Collected material Start Marker

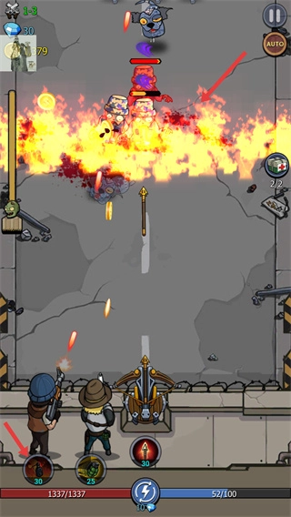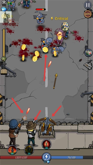2、击败僵尸后获得的金币可以用于升级城墙的防御、防御塔和英雄的攻击伤害和射击速度;
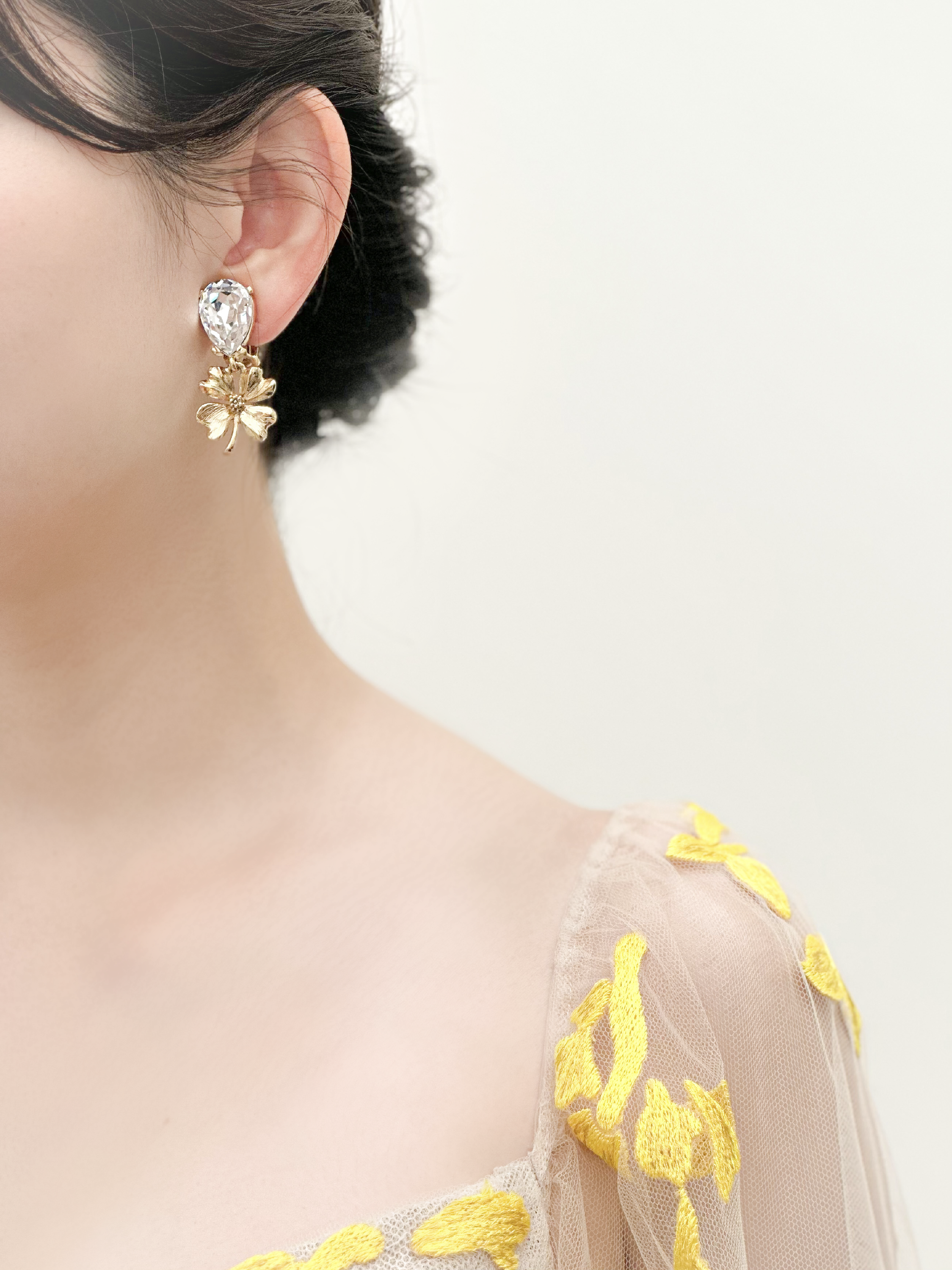 大粒のクリスタルがお顔を明るく照らし、幸運をもたらすクローバーのモチーフは花嫁のお守り代わりになることでしょう。
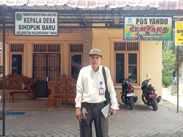 Kabiro MWT Paluta, Erri Pada Siregar, SE, saat berkunjung ke kantor Desa Sihopuk Baru, Kecamatan Halongonan Timur, Kabupaten Padang Lawas Utara.
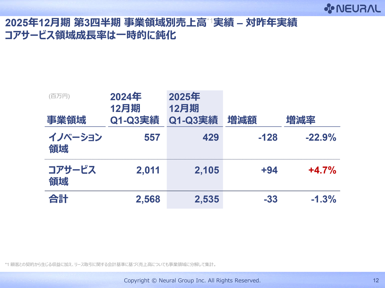 売上高があまり伸びなかった要因についてです。イノベーション領域はこれまでどおり、規模をある程度制限しながら、適切な量の研究開発を行っていく方針でした。ただし、コアサービス領域において、我々が見込んでいた大幅な成長を第3四半期では実現できなかったことが影響しています。

Collected material End Marker

(What is required):
Only the lines from the one with "Kabiro MWT Paluta, Erri" through the end of the listing above should be output, exactly as written and with no pictures.

(Result):
 Kabiro MWT Paluta, Erri Pada Siregar, SE, saat berkunjung ke kantor Desa Sihopuk Baru, Kecamatan Halongonan Timur, Kabupaten Padang Lawas Utara.
 売上高があまり伸びなかった要因についてです。イノベーション領域はこれまでどおり、規模をある程度制限しながら、適切な量の研究開発を行っていく方針でした。ただし、コアサービス領域において、我々が見込んでいた大幅な成長を第3四半期では実現できなかったことが影響しています。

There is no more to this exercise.